## WORK INSTRUCTIONS
Your task is to output the listing exactly, leaving every image out.

*** PROVIDED DATA Section Begins ***

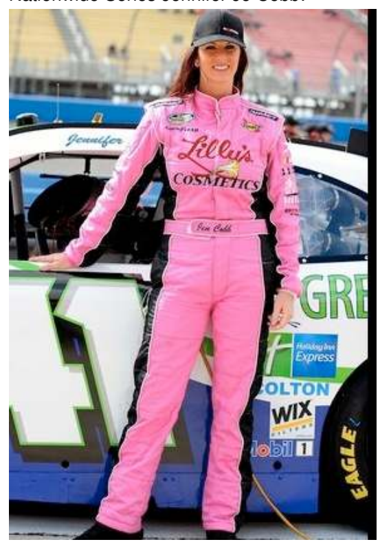
They don't make stock car drivers like they used to.....a PINK drivers suit?
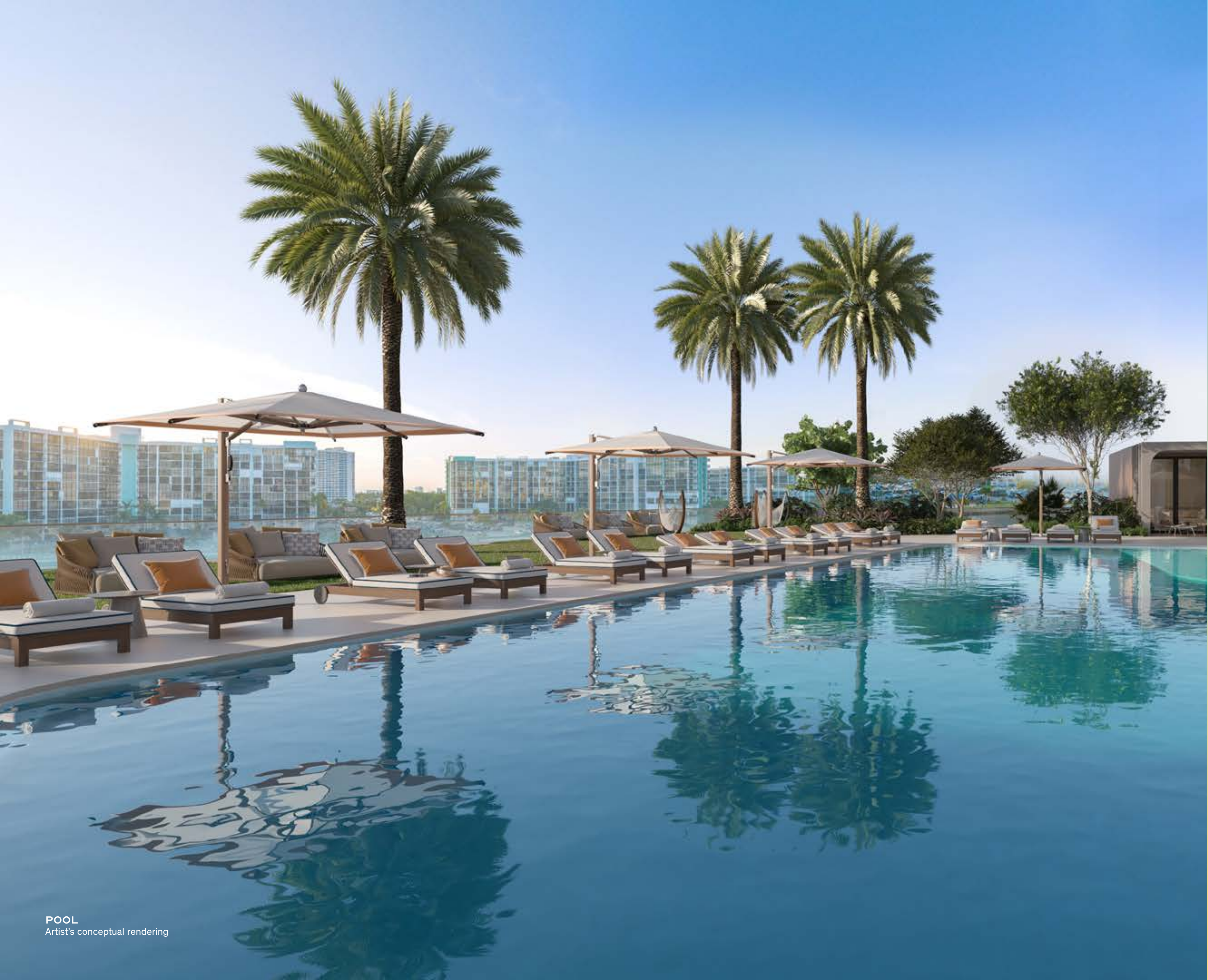
POOL Artist's conceptual rendering
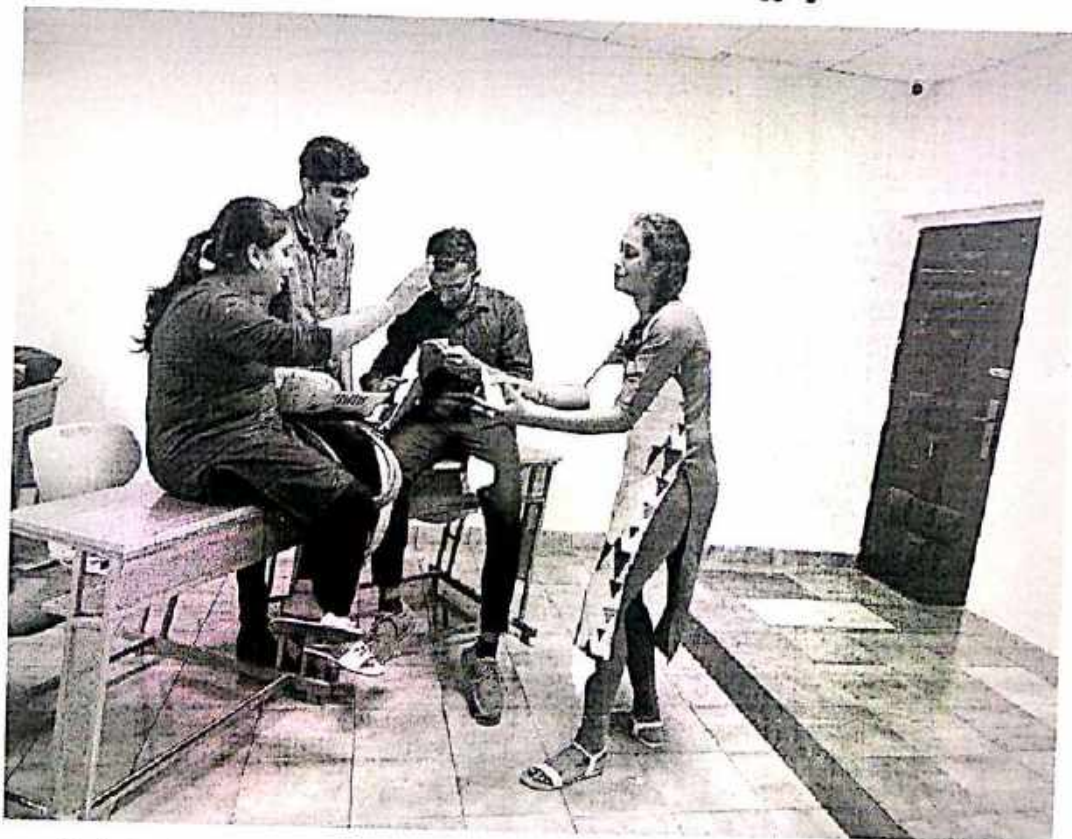
Pic 2: Students demonstrating the challenges of facing ragging in college through Skit
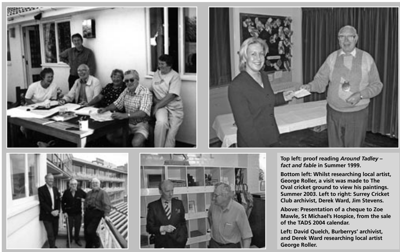
Top left: proof reading Around Tadley – fact and fable in Summer 1999.

In addition to the monthly talks held at St Paul's Hall, The Green, TADS has a very active project group which meets regularly to discuss and consolidate the research for current and long term projects. It is not always as dry and studious as it may sound. A few glasses of wine or beer have been known to pass lips!!
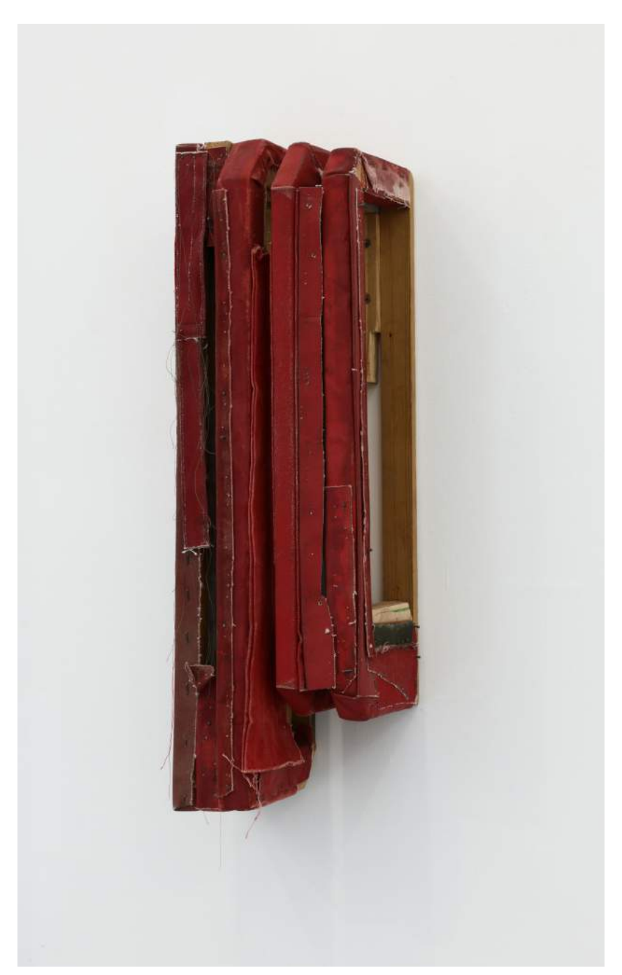
Simon Callery, Cadmium Red Deep Wallwork, 2011 Oil, distemper, acrylic, canvas, wood, aluminium, pencil, 74\times33\times54 cm
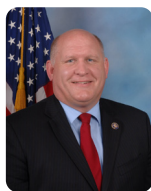
Congressman Glenn "GT" Thompson
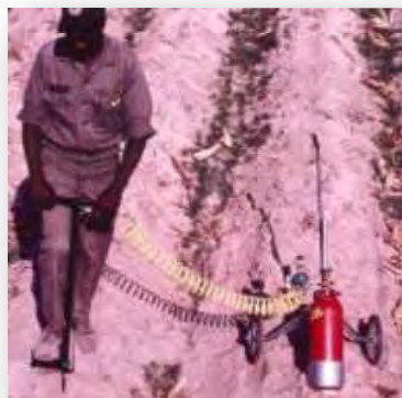
Handheld Ethylene Injector Probe – Used to Control Witchweed in Africa.

Of particular note is the ethylene injection equipment that he designed and developed at the Whiteville Center that made it practical to induce suicidal germination of 99% of viable Witchweed seeds in infested fields and other sites (Figure 1). This is but one of many examples of his ability to take complex problems and develop practical, real world solutions for them.
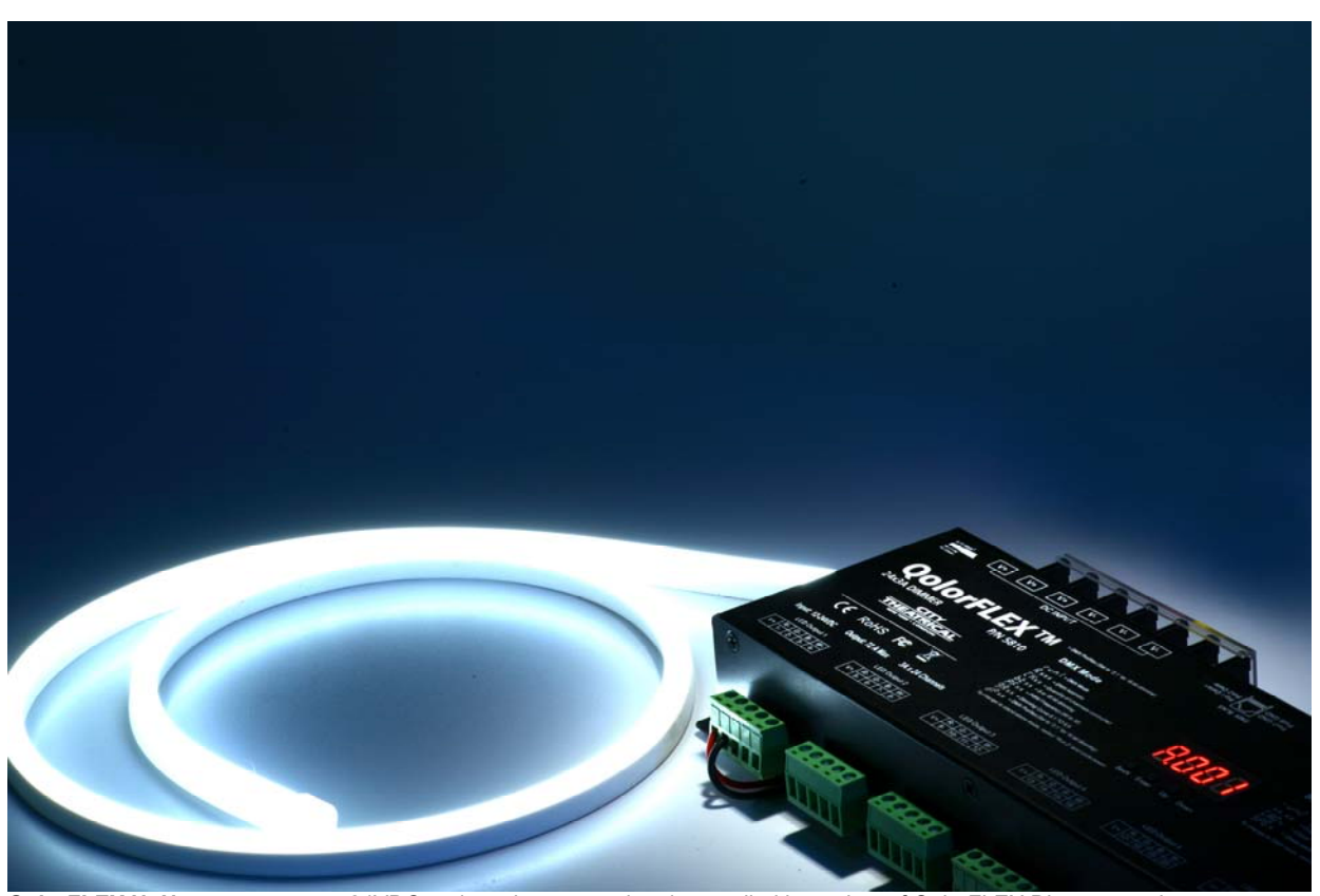
QolorFLEX NuNeon operates on 24VDC and can be powered and controlled by variety of QolorFLEX Dimmers and power supplies.

US HEADQUARTERS 475 BARELL AVENUE CARLSTADT, NEW JERSEY 07072 TEL 800 230 9497 / 201 549 1160 FAX 201 549 1161

*** PROVIDED DATA Section Ends ***

## WRITTEN ANSWER
They don't make stock car drivers like they used to.....a PINK drivers suit?
POOL Artist's conceptual rendering
Pic 2: Students demonstrating the challenges of facing ragging in college through Skit
Top left: proof reading Around Tadley – fact and fable in Summer 1999.

In addition to the monthly talks held at St Paul's Hall, The Green, TADS has a very active project group which meets regularly to discuss and consolidate the research for current and long term projects. It is not always as dry and studious as it may sound. A few glasses of wine or beer have been known to pass lips!!
Simon Callery, Cadmium Red Deep Wallwork, 2011 Oil, distemper, acrylic, canvas, wood, aluminium, pencil, 74\times33\times54 cm
Congressman Glenn "GT" Thompson
Handheld Ethylene Injector Probe – Used to Control Witchweed in Africa.

Of particular note is the ethylene injection equipment that he designed and developed at the Whiteville Center that made it practical to induce suicidal germination of 99% of viable Witchweed seeds in infested fields and other sites (Figure 1). This is but one of many examples of his ability to take complex problems and develop practical, real world solutions for them.
QolorFLEX NuNeon operates on 24VDC and can be powered and controlled by variety of QolorFLEX Dimmers and power supplies.

US HEADQUARTERS 475 BARELL AVENUE CARLSTADT, NEW JERSEY 07072 TEL 800 230 9497 / 201 549 1160 FAX 201 549 1161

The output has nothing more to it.